Convolutional Neural Network not learning

I'm trying to train a Convolutional Neural Network for image recognition on a training set 1500 images with 15 categories. I've been told that, with this architecture and initial weights drawn from a Gaussian distribution with a mean of 0 and a standard deviation of 0.01 and the initial bias values to 0, with the proper learning rate it should achieve an accuracy of around 30%.

However, it doesn't learn anything at all: the accuracy is similar to the one of a random classifier and the weights after training still follow a normal distribution. What am I doing wrong?

This is the NN

class simpleCNN(nn.Module):
  def __init__(self):
    super(simpleCNN,self).__init__() #initialize the model

    self.conv1=nn.Conv2d(in_channels=1,out_channels=8,kernel_size=3,stride=1) #Output image size is (size+2*padding-kernel)/stride -->62*62
    self.relu1=nn.ReLU()
    self.maxpool1=nn.MaxPool2d(kernel_size=2,stride=2) #outtput image 62/2-->31*31

    self.conv2=nn.Conv2d(in_channels=8,out_channels=16,kernel_size=3,stride=1) #output image is 29*29
    self.relu2=nn.ReLU()
    self.maxpool2=nn.MaxPool2d(kernel_size=2,stride=2) #output image is 29/2-->14*14  (MaxPool2d approximates size with floor)

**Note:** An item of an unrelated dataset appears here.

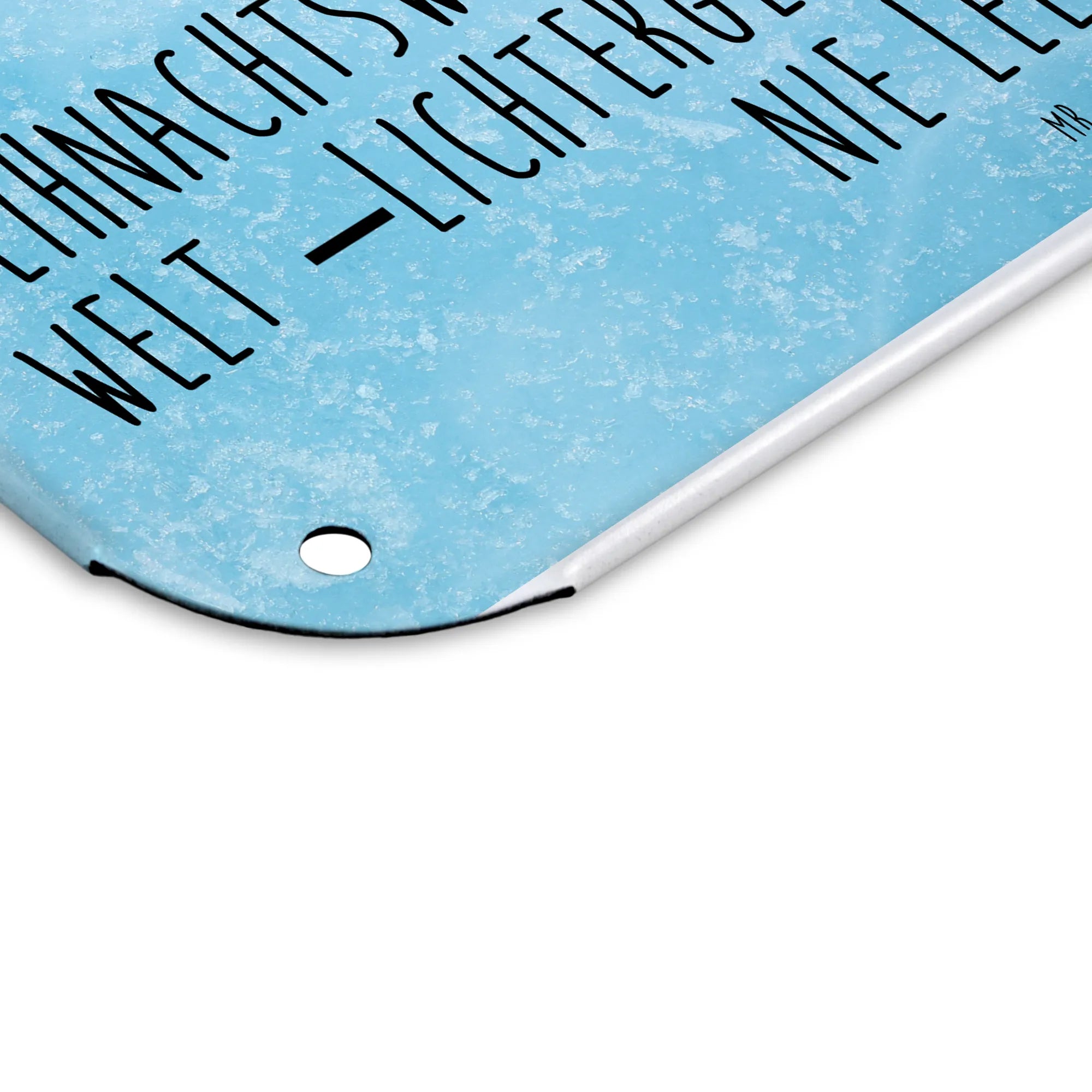 Die abgerundeten Ecken und umgefalzten Kanten machen das Schild besonders sicher und ansprechend. Mit den 4 Bohrungen lässt sich das Schild ganz einfach aufhängen, ob an der Tür oder an der Wand – es wird überall zum Hingucker. Verleihe deinem Weihnachtsfest noch mehr Glanz mit diesem tollen Deko-Schild, das mit dem Motto „Weihnachtswunschliste: Frieden für die Welt, Lichterglanz und eine Keksdose, die niemals leer geht“ versehen ist.

    self.conv3=nn.Conv2d(in_channels=16,out_channels=32,kernel_size=3,stride=1) #output image is 12*12
    self.relu3=nn.ReLU()

    self.fc1=nn.Linear(32*12*12,15) #16 channels * 16*16 image (64*64 with 2 maxpooling of stride 2), 15 output features=15 classes
    self.softmax = nn.Softmax(dim=1)

  def forward(self,x):
    x=self.conv1(x)
    x=self.relu1(x)
    x=self.maxpool1(x)

    x=self.conv2(x)
    x=self.relu2(x)
    x=self.maxpool2(x)

    x=self.conv3(x)
    x=self.relu3(x)

    x=x.view(-1,32*12*12)

    x=self.fc1(x)
    x=self.softmax(x)

    return x

The inizialization:

def init_weights(m):
  if isinstance(m,nn.Conv2d) or isinstance(m,nn.Linear):
    nn.init.normal_(m.weight,0,0.01)
    nn.init.zeros_(m.bias)

model = simpleCNN()
model.apply(init_weights)

The training function:

loss_function=nn.CrossEntropyLoss()
optimizer=optim.SGD(model.parameters(),lr=0.1,momentum=0.9)

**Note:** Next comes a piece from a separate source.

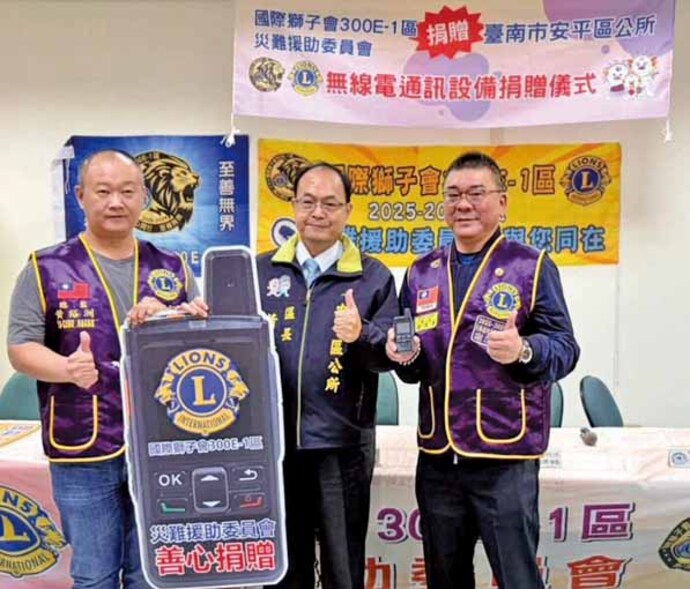 【記者潘志航/台南報導】有感於去年丹娜絲颱風重創台灣西南部,尤以台南沿海地區災情最為嚴重,居民經歷停水、停電、斷訊,生活宛如孤島,反映出基礎設施的脆弱,引發社會對災防關注與討論。 為充實地方救災裝備,國際獅子會300E-1區災難援助委員會慨然捐贈安平區公所手提無線電通訊設備,挹注安平區公所災防量能,由安平區長蕭泰華代表受贈並頒發感謝狀表彰善舉,多位里長亦共襄盛舉親赴盛會,一同參與。 國際獅子會300E-1區災難援助委員會主席謝漢章指出,去年風災引發通訊中斷導致災情無法及時傳出,凸顯救災通訊設備不足。

def train_one_epoch(epoch_index,loader):
  running_loss=0

  for i, data in enumerate(loader):

    inputs,labels=data #get the minibatch
    outputs=model(inputs) #forward pass

    loss=loss_function(outputs,labels) #compute loss
    running_loss+=loss.item() #sum up the loss for the minibatches processed so far

    optimizer.zero_grad() #reset gradients
    loss.backward() #compute gradient
    optimizer.step() #update weights

  return running_loss/(i+1) # average loss per minibatch

The training:

EPOCHS=20

best_validation_loss=np.inf

for epoch in range(EPOCHS):
  print('EPOCH{}:'.format(epoch+1))

  model.train(True)
  train_loss=train_one_epoch(epoch,train_loader)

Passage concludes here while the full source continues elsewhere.